Mustin portrayed a homeless man who is helped by Santa Claus (Art Carney) on a magical Christmas Eve in "Night of the Meek." He returned to TZ as Mr. Carlson, one of the senior home residents in the whimsical "Kick the Can."
It's kind of hard to imagine so many senior actors working in Hollywood at that time. The studio system was still pretty much intact and many of them were under contract to MGM, which supplied a steady stream of actors of all ages to film and television. It seems that Hollywood has been focused on youth in the last thirty years. Once in a while we get a Going in Style or a Last Vegas, but back in the 1950s and early '60s, aging actors like Burt Mustin could find steady work.
Mustin (1884-1977) is well remembered by baby boomers as the kindly Gus the Fireman on 14 memorable episodes of Leave it to Beaver. Sitting in his equally aging firetruck, he always had some sage advice for little Theodore Cleaver (Jerry Mathers).

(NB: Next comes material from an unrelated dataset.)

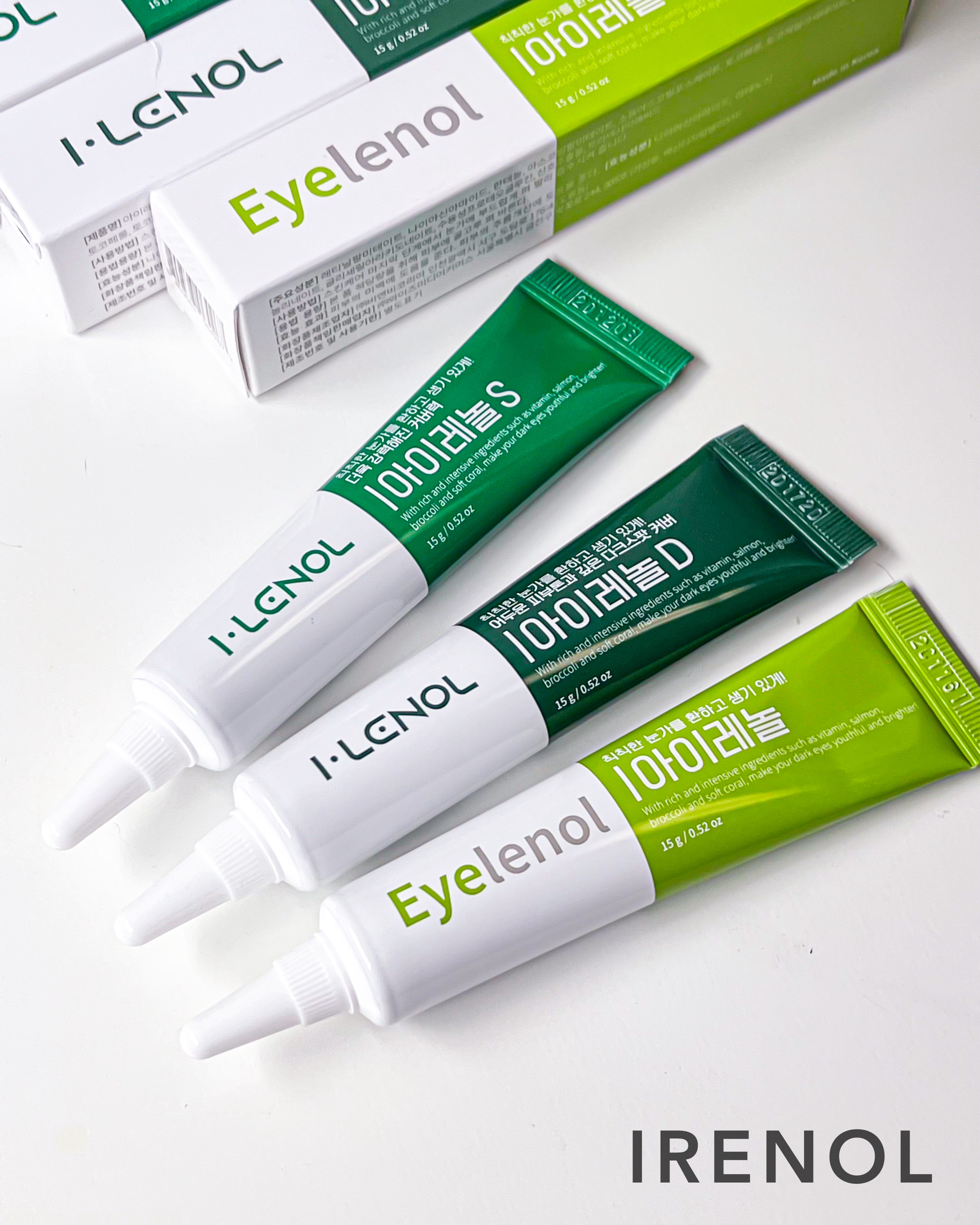 - <アイレノール クマクリーム> 水、シクロペンタシロキサン、グリセリン、ナイアシンアミド、ツボクサ葉エキス、サンゴエキス、パンテノール、イソヘキサデカン、ヒドロキシエチルウレア、ジメチコノール、アラントイン、グリチルリチン酸2K、プロパンジオール、カプリルヒドロキサム酸、香料、オリーブ果実油、酢酸トコフェロール、ホホバ種子油、オレイン酸ソルビタン、アルガニアスピノサ核油、アデノシン、エチルヘキシルグリセリン、プルラン、ヒアルロン酸Na、EDTA-2Na、トリデセス-6、DNA-Na、(アクリル酸グリセリル/アクリル酸)コポリマー、リノール酸グリセリル、ペンチレングリコール、リノレン酸グリセリル、アラキドン酸グリセリル、パルミチン酸レチノール、ラウリン酸K、ピーナッツ油、ヒアルロン酸クロスポリマーNa、トマト果実エキス、ブロッコリーエキス、ケール葉エキス、キャベツ葉エキス、チャ葉エキス、レモン果実エキス、アスパラガスエキス、フラガリアチロエンシス果実エキス、カキ葉エキス、トウガラシ果実エキス、水溶性プロテオグリカン、アスタキサンチン、ヒアルロン酸、トコフェロール、パルミチン酸アスコルビル、酸化チタン、酸化鉄、他 <アイレノール クマクリームS> 水、シクロペンタシロキサン、グリセリン、ナイアシンアミド、ツボクサ葉エキス、サンゴエキス、パンテノール、イソヘキサデカン、ヒドロキシエチルウレア、ジメチコノール、アラントイン、グリチルリチン酸2K、プロパンジオール、カプリルヒドロキサム酸、香料、オリーブ果実油、酢酸トコフェロール、ホホバ種子油、オレイン酸ソルビタン、アルガニアスピノサ核油、アデノシン、エチルヘキシルグリセリン、プルラン、ヒアルロン酸Na、EDTA-2Na、トリデセス-6、DNA-Na、(アクリル酸グリセリル/アクリル酸)コポリマー、リノール酸グリセリル、ペンチレングリコール、リノレン酸グリセリル、アラキドン酸グリセリル、パルミチン酸レチノール、ラウリン酸K、ピーナッツ油、ヒアルロン酸クロスポリマーNa、トマト果実エキス、ブロッコリーエキス、ケール葉エキス、キャベツ葉エキス、チャ葉エキス、レモン果実エキス、アスパラガスエキス、フラガリアチロエンシス果実エキス、カキ葉エキス、トウガラシ果実エキス、水溶性プロテオグリカン、アスタキサンチン、ヒアルロン酸、トコフェロール、パルミチン酸アスコルビル、酸化チタン、酸化鉄、他

Surprisingly, Mustin made his film debut at the age of 67 in the Ronald Reagan/Rhonda Fleming western The Last Outpost (1951), the same year he made his television debut in The Adventures of Kit Carson. So let's raise a high toast to Burt Mustin and all the wonderful senior actors who filled up the small screen and blazed a timeless trail to The Twilight Zone.
I'm two days late on this, but that's okay. I saw him in lots of stuff growing up watching a lot of TV during the 70s and 80s and reruns of older stuff. I think he was born as an old guy. :)

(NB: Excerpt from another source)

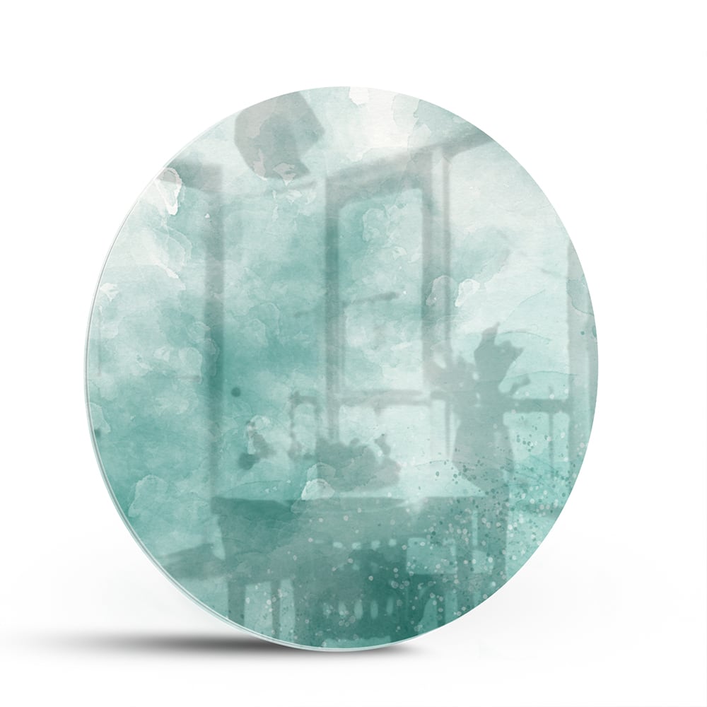 Abstract glazen schilderij in aquablauw

He was just on a Johnny Carson rerun the other night. He was 90 and still working, promoting a show he was in.
He was great on Andy Griffith. Whenever a show from the late 50s to the mid 70s required an old man he would be on the short list.
Always liked him.
Smile every time I see him on TV
I remember seeing him on The Dick Van Dyke show, too.
That’s great. :)
Yep, seemed like a good guy.
Yep, he was pretty much the go-to guy for that era when it came to an older-guy part. My mom likes him, a lot. He was also on All in the Family.

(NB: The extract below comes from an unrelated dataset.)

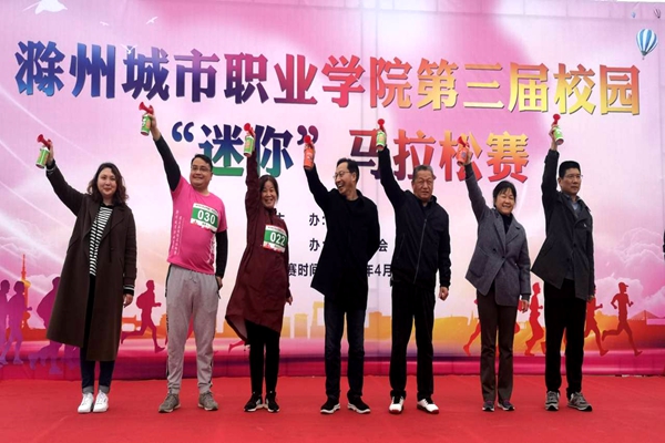 根据安徽省教育厅《关于在全省高校推行公共体育艺术教育俱乐部制教学改革的意见》通知精神,为倡导大学生“走出教室、走出宿舍、走下网络、走向操场”,积极参与跑步健身活动,锻炼强健体魄、展现良好风貌,我院第三届校园“迷你”马拉松赛于4月7日下午成功举办。下午16:30,比赛在南广场准时鸣笛开跑。出席开幕式的有院党委委员、副院长施向阳,院党委委员、工会主席胡墨农,院党委委员、教务处长、院体委副主任王树青,教育系党总支书记钱庆兵,医学系党总支书记吴惠珍,管理系党总支书记陈兴旺,院团委副书记陈婷婷以及院体育工作委员会成员和相关系部的领导和500名师生共同参加了本次活动。此次比赛由院体育部主办,工会、院团委协办。

I always thought he looked like a turtle, minus the shell.
He does. I can see him being cartoonized (I don’t think a real word) into a turtle.
Joe Friday arrested him on Dragnet as the oldest burglar in Los Angeles.
lol...how funny.
Looks like he was on Johnny’s show at least a couple of times:
https://www.youtube.com/watch?v=RbOtyAYv57M
https://www.youtube.com/watch?v=X87VyDOQcng
That’s kind of him, isn’t it?
Carson asked him about the first World Series he remembered. It was 1903.
Laughing. Incredible. I’d like to see a pic of him as a young man.
-PJ
I still laugh at that more than half a century later, and for years, Gary Larson used the name Gus in his Far Side cartoons which were always a hoot.